The investigation has included interviews with home owners, the school principal, superintendent and football coaches from Steubenville high school, 56 interviews in all, DeWine said.
State forensic analysts waded through more than 396,000 text messages, 308,000 photos/pictures and 940 video clips recovered from cell phones as part of the investigation, DeWine said.
DeWine said prosecutors had other evidence they would like to present to the grand jury and the 16 witnesses who would not talk to prosecutors in the investigation.
Bob Fitzsimmons, an attorney representing the girl, said on Sunday his side still was weighing whether to file a civil lawsuit.
The case drew national attention to the town, 40 miles west of Pittsburgh, after a photo and video from the party that appeared to document the assault were posted online.

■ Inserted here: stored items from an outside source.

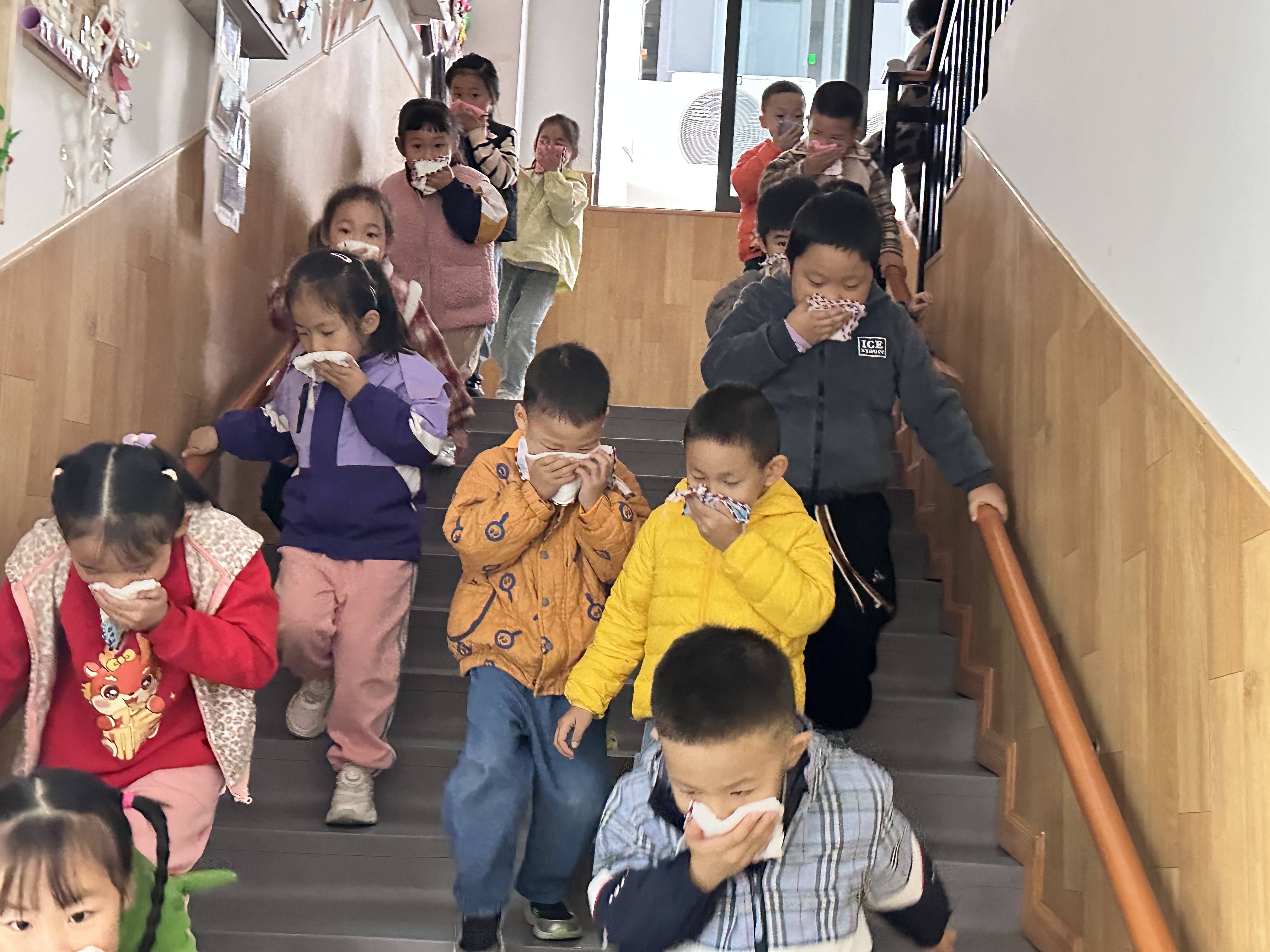 隨著一陣陣急促的警報(bào)聲突然響起,各班教師迅速按照疏散路線帶領(lǐng)幼兒用濕毛巾捂住口鼻,彎腰俯身,快速有序地撤離到安全地帶。
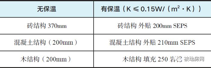 为了保证研究数据多样性和可对比性,笔者首先对研究的墙体结构进行确定。国内农村现有居住建筑的墙体基本都没有铺设保温,与之相反的是被动式超低能耗建筑的墙体结构要铺设较厚的保温材料,且要达到不同气候区对于墙体保温的要求。因此笔者列出表1中两种较为极端的情况:一种是墙体结构不安装保温,另一种是墙体结构安装保温且传热系数达到被动式超低能耗建筑中寒冷地区对墙体K值的要求。依据表2《被动式超低能耗绿色建筑技术导则》,寒冷地区围护结构平均传热系数参考值为0.10~0.25,笔者取K≤0.15W/(m²·k)墙体结构进行计算模拟[2],依据窗户安装位置的调整,引起洞口的线传热系数变化,最终得出不同的墙体结构被动式门窗安装的最佳位置。
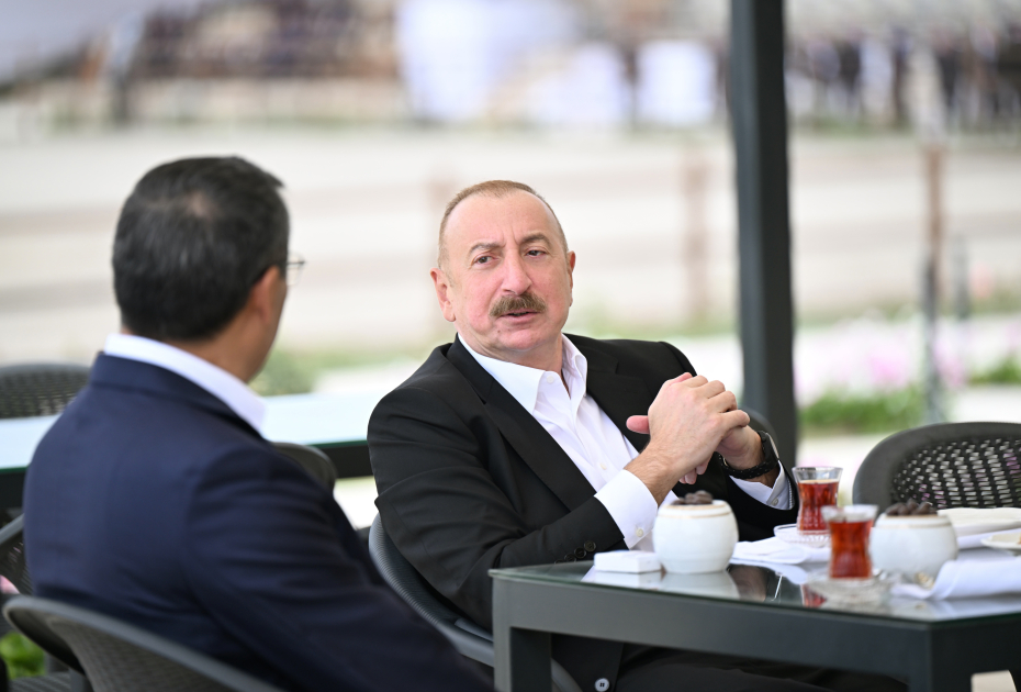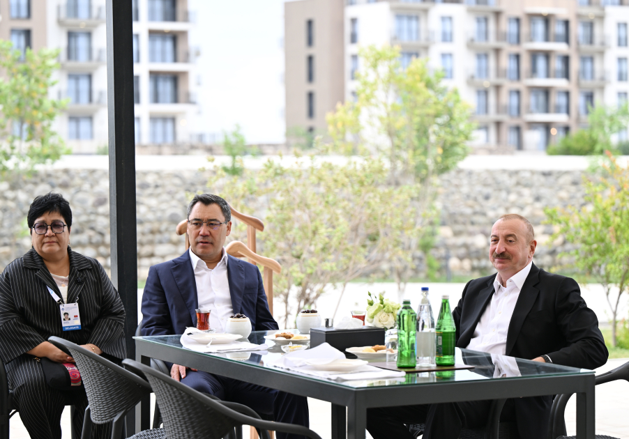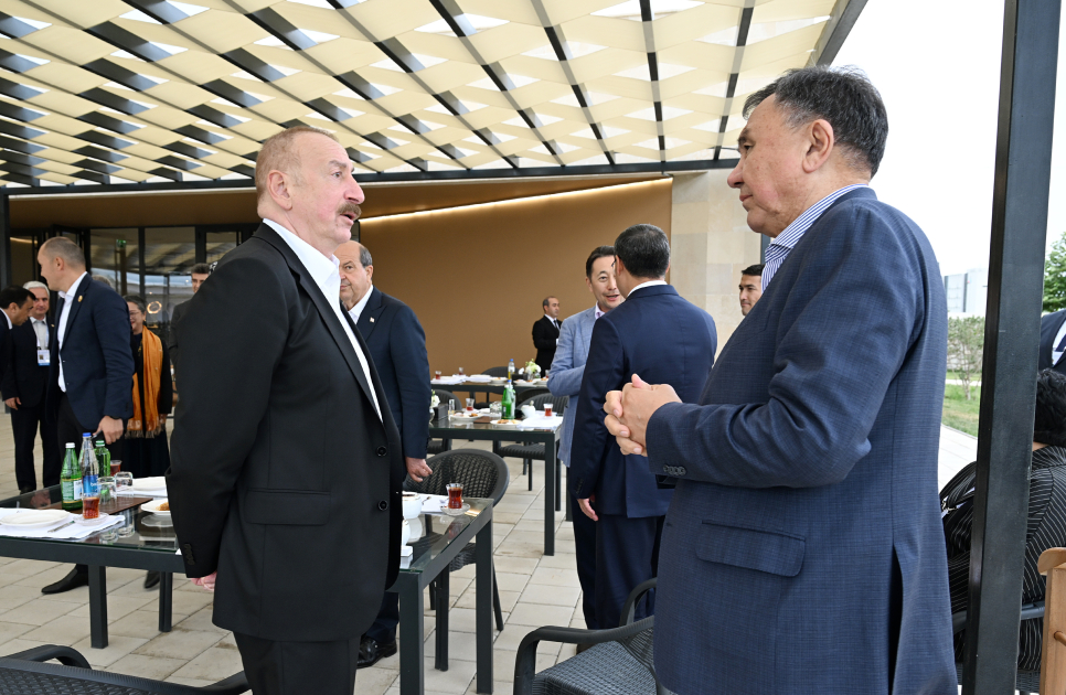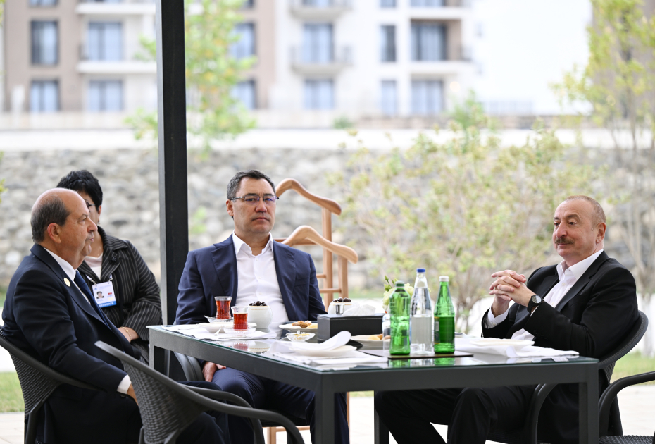AZƏRTAC xəbər verir ki, əvvəlcə Azərbaycan Prezidenti və qonaqlar çay süfrəsi arxasında söhbət etdilər.

The computer hacking group Anonymous publicized the picture of two males carrying the girl by her wrists and ankles and organized protests accusing the town known for its “Big Red” football team of covering up the involvement of more players.
Three teammates of Mays and Richmond were granted immunity and testified against them at the trial. DeWine said Sunday the immunity granted to those players under the specific circumstances would carry over to the grand jury.
A small group of demonstrators waited outside the courthouse for the judge’s decision on Sunday.
The trial’s testimony was capped by the girl’s acknowledgment that she had little memory from that night.
Lipps said the evidence presented was profane and ugly at times and said that alcohol consumption showed a particular danger to “our teenage youth.”
Prosecutors had argued that the things that made the girl an imperfect witness, her substantial impairment, also made her a perfect victim.